## Directions for this task
The lines from the top of the material through the line with "한 글자 당 같은 글자는" are to be set down exactly. Leave the pictures out.

## Recorded information
- - - - - - -

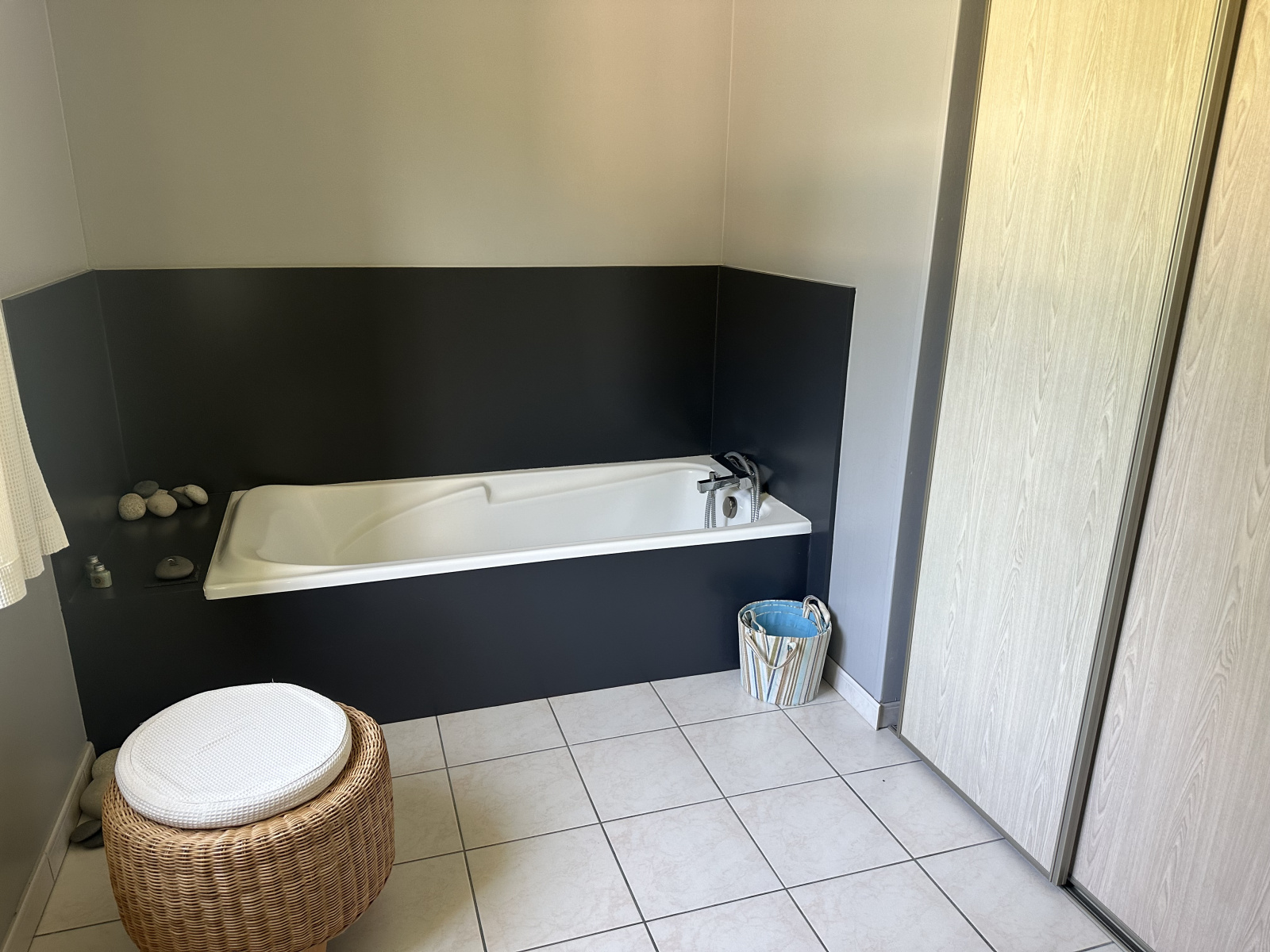 Mezzanine avec bibliothéque, Une suite parentale avec salle d'eau et dressing aménagé. 2wc.
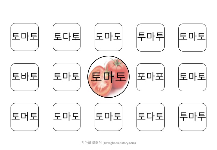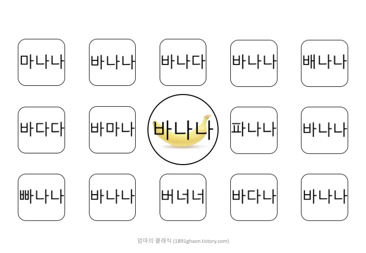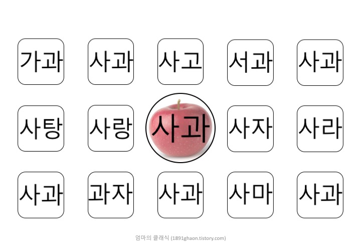 한 글자 당 같은 글자는 4-5개 정도 됩니다. 낱말을 알아갈 즈음엔 과일과 엄마, 아빠의 사진도 넣어 만들어 보았어요.
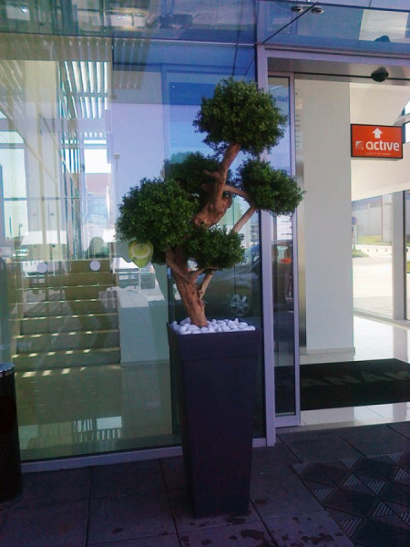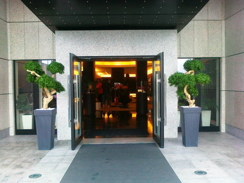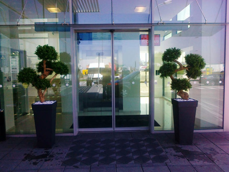 Naša realizácia setu dvoch pozinkových kvetináčov vysokých 90 cm pri vchode do VIP salónu na Ruzynskom letisku Václava Havla. Na tejto akcii sme spolupracovali s firmou Florum, ktorá dodávala umelé kvety Tea Leaf Crown.

- - - - - - -

## Answer to this task
 Mezzanine avec bibliothéque, Une suite parentale avec salle d'eau et dressing aménagé. 2wc.
 한 글자 당 같은 글자는 4-5개 정도 됩니다. 낱말을 알아갈 즈음엔 과일과 엄마, 아빠의 사진도 넣어 만들어 보았어요.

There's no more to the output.